There is Shakespeare, for instance: he has created two or three extremely
amiable and sympathetic murderers. Only we can watch their amiability
slowly and gently merging into murder. Othello is an affectionate husband
who assassinates his wife out of sheer affection, so to speak. But as
we know the story from the first, we can see the connection and accept
the contradiction. But suppose the story opened with Desdemona found dead,
Iago or Cassio suspected, and Othello the very last person likely to be
suspected. In that case, "Othello" would be a detective story. But it
might be a true detective story; that is, one consistent with the true
character of the hero when he finally tells the truth. Hamlet, again,
is a most lovable and even peaceable person as a rule, and we pardon the
nervous and slightly irritable gesture which happens to have the result
of sticking an old fool like a pig behind a curtain.

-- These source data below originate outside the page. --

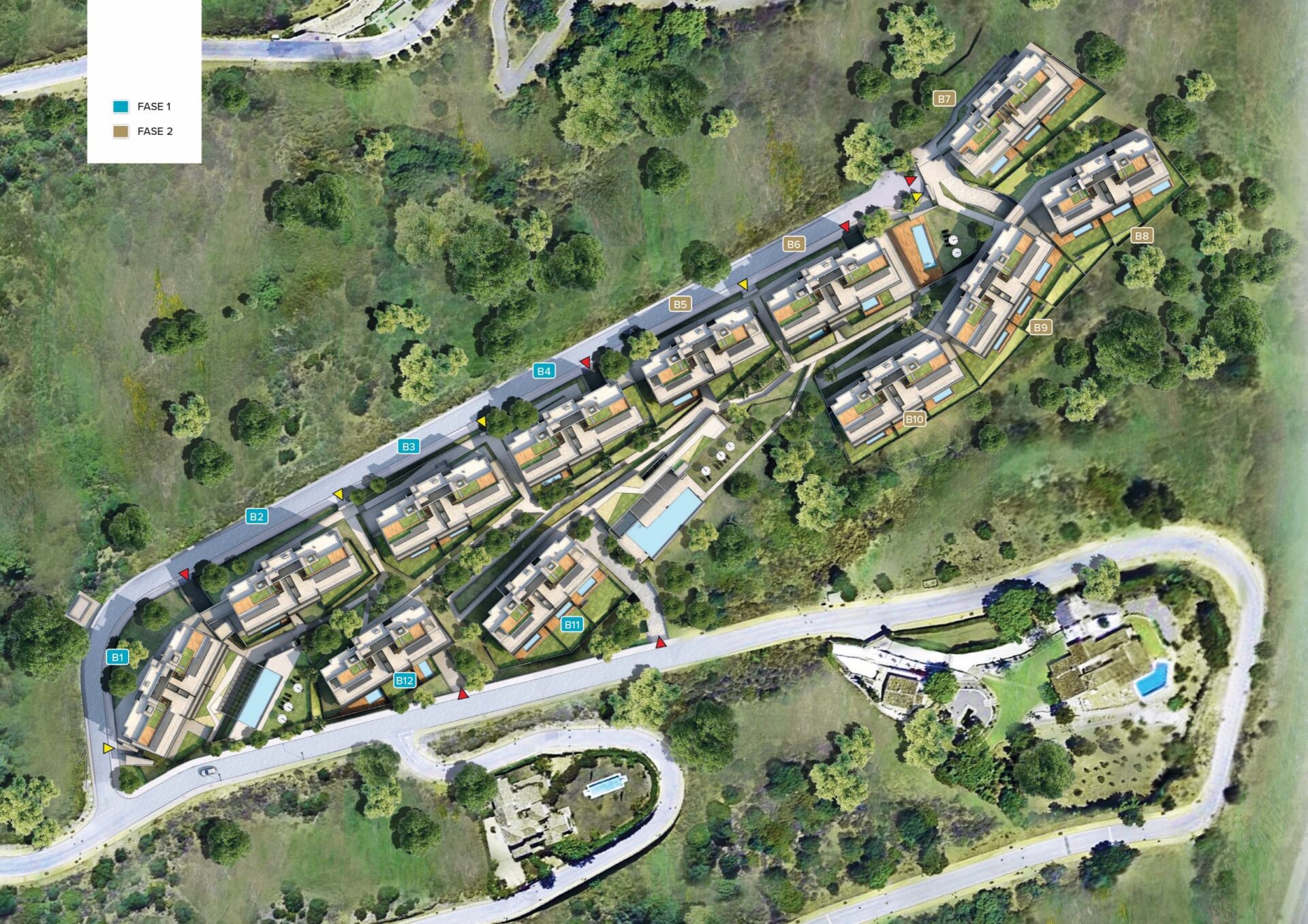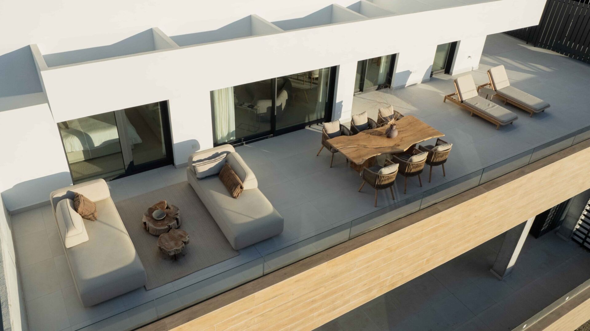 The project is structured into 12 buildings, offering a variety of home types including ground floor residences with gardens and pools, and penthouses with the option of adding mini swimming pools. The first phase encompasses residential units, communal areas, and landscaped gardens spanning over 20,000 m2, filled with Mediterranean flora. The development emphasizes design and quality finishes, promoting a lifestyle that encourages health and well-being. Amenities include a pool with breathtaking views, a spa, fitness facilities, a coworking space, and social areas for relaxation and enjoyment.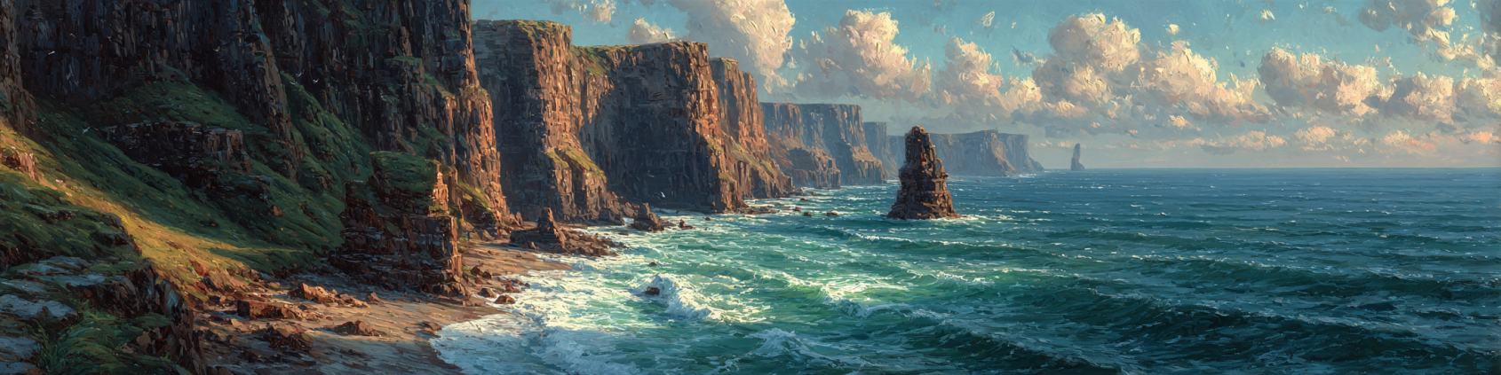 Where the green fields of western Éire end, the land does not taper gently; it stops. The Cliffs of Moher fall sheer into the great water, an eight-kilometer wall of shale and wind that hums like a great instrument. Sea birds circle in endless spirals, white against the dark rock, their cries blending with the surf below.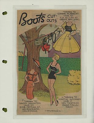 Title (ebay affiliate link): *Boots* Cut-Outs - 11/1/1959 - Newspaper Paper Dolls - Archival Mounted - #195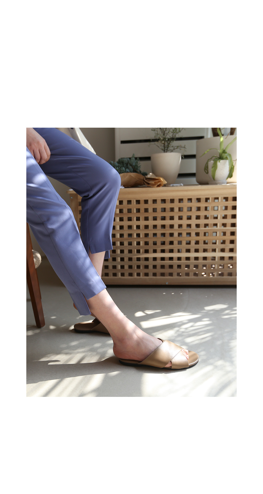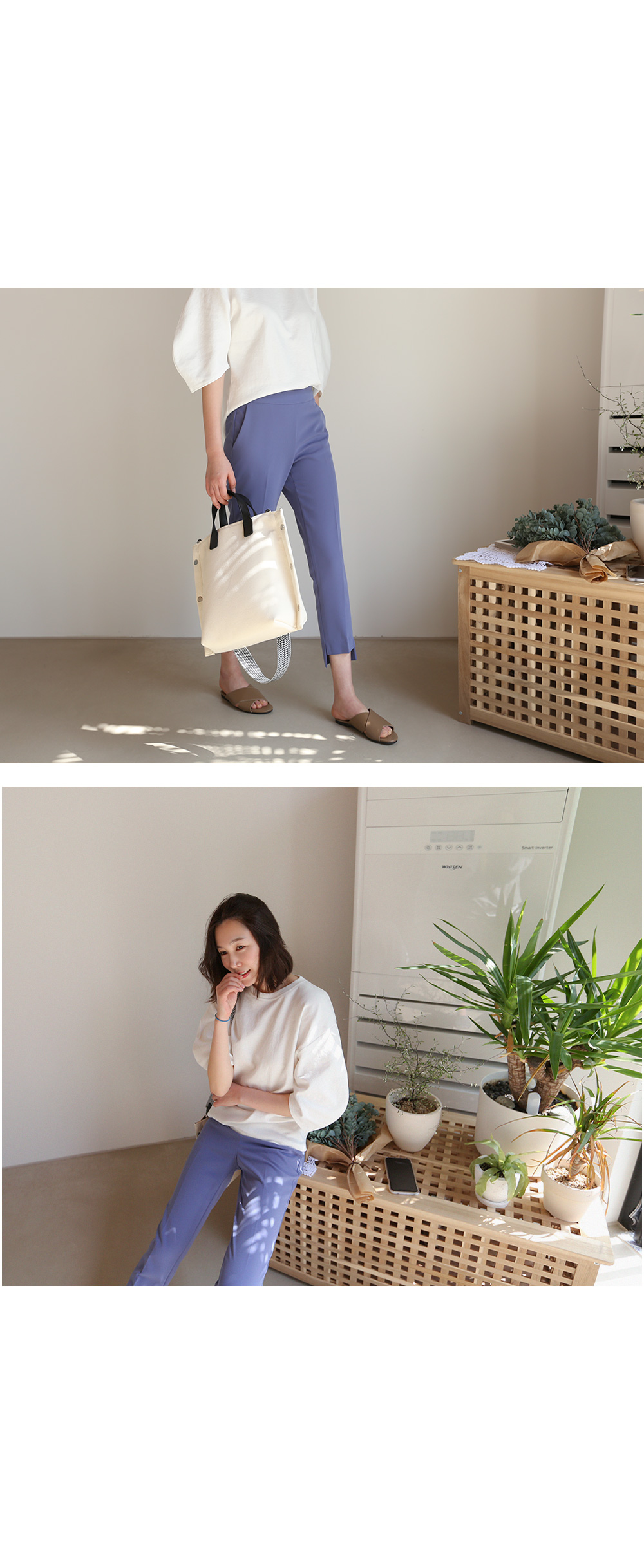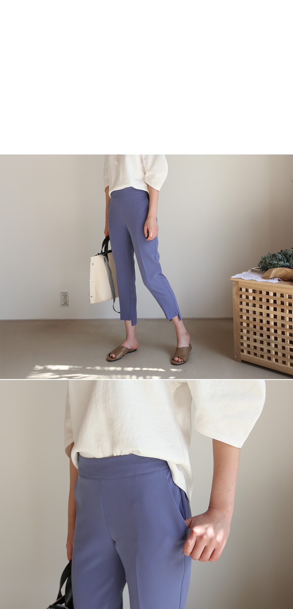 언발란스한 밑단 트임 역시 슬랙스 자체의 비주얼을 한껏 높여주며 러블리함과 동시에 역동적인 디자인으로 완성시켰습니다.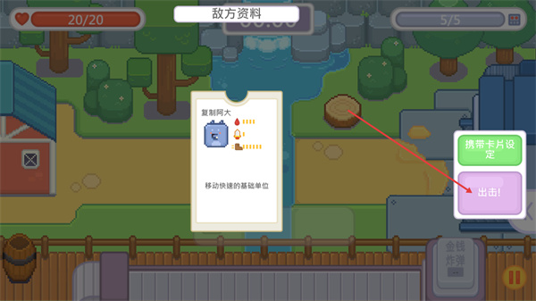 2、在该界面可查看敌方资料了解复制阿大的信息,先通过携带卡片设定配置卡片后,点击出击按钮即可进入战斗环节。
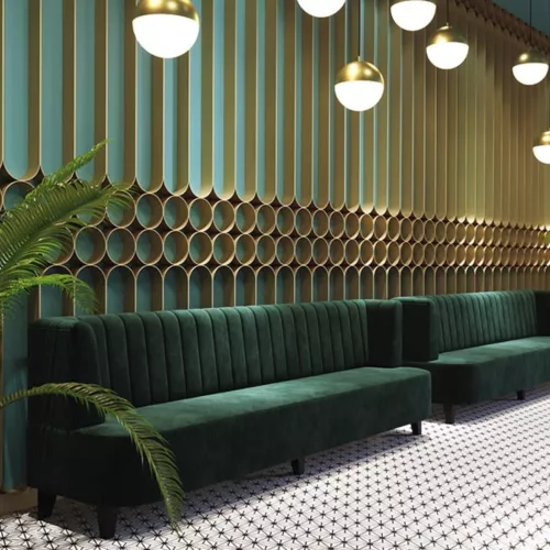 Faith Sofa ist eine stilvolle Restaurantbank mit hochdichtem Schaumstoff, der für besonderen Komfort und hohe Langlebigkeit sorgt. Sie ist in einer breiten Auswahl an professionellen Stoffen oder Kunstleder erhältlich. Auf Wunsch kann die Bank auch mit eigenem Stoff bezogen und individuell nach Kundenvorgaben gefertigt werden. Im Preis enthalten sind ein schwarzer oder standardmäßiger Melamin-Sockel oder Beine aus Birkenholz, mit einem Stoffverbrauch von 3,80 m und 1 m für die gepolsterte Rückseite.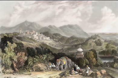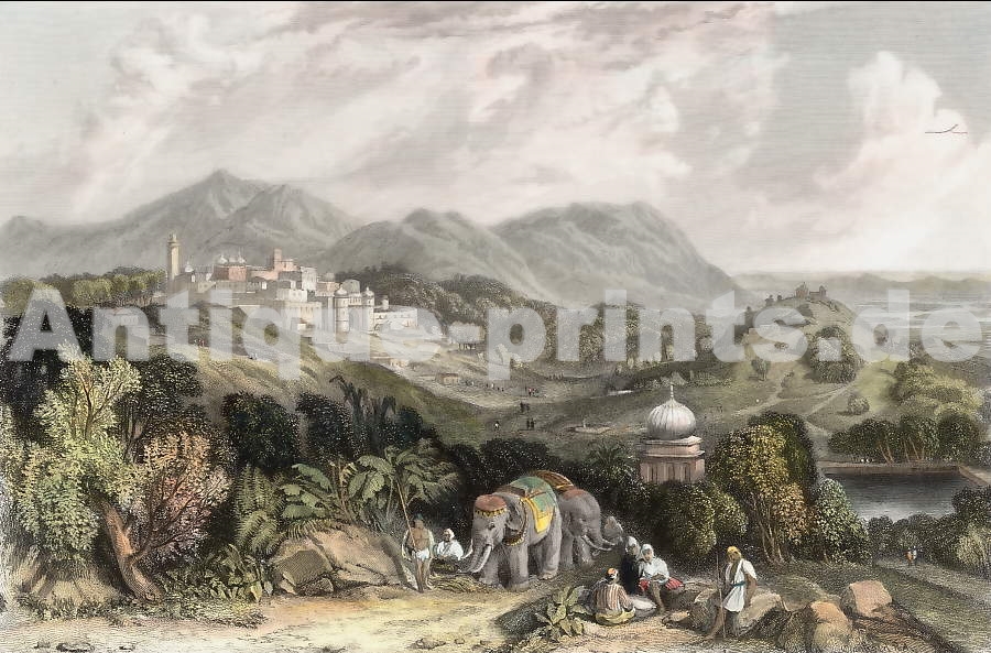 India. Original steel engraving, engraved by H. Winkles after G. Heck. 1849. Very good condition. No title on the plate. Hand-coloured. 25x20cm. Matted.

But suppose the curtain
rises on the corpse of Polonius, and Rosencrantz and Guildenstern discuss
the suspicion that has immediately fallen on the First Player, an immoral
actor accustomed to killing people on the stage; while Horatio or some
shrewd character suspects another crime of Claudius or the reckless and
unscrupulous Laertes. Then "Hamlet" would be a shocker, and the guilt
of Hamlet would be a shock. But it might be a shock of truth, and it is
not only sex novels that are shocking. These Shakespearean characters
would be none the less coherent and all of a
piece because we brought the opposite ends of the character together
and tied them into a knot. The story of Othello might be published with
a lurid wrapper as "The Pillow Murder Case." But it might still be the
same case; a serious case and a convincing case. The death of Polonius
might appear on the bookstalls as "The Vanishing Rat Mystery," and be
in form like an ordinary detective story. Yet it might be The Ideal Detective
Story.
Nor need there be anything vulgar in the violent and abrupt transition
that is the essential of such a tale. The inconsistencies of human nature
are indeed terrible and heart-shaking things, to be named with the same
note of crisis as the hour of death and the Day of Judgment. They are
not all fine shades, but some of them very fearful shadows, made by the
primal contrast of darkness and light. Both the crimes and the confessions
can be as catastrophic as lightning. Indeed, The Ideal Detective Story
might do some good if it brought men back to understand that the world
is not all curves, but that there are some things that are as jagged as
the lightning-flash or as straight as the sword.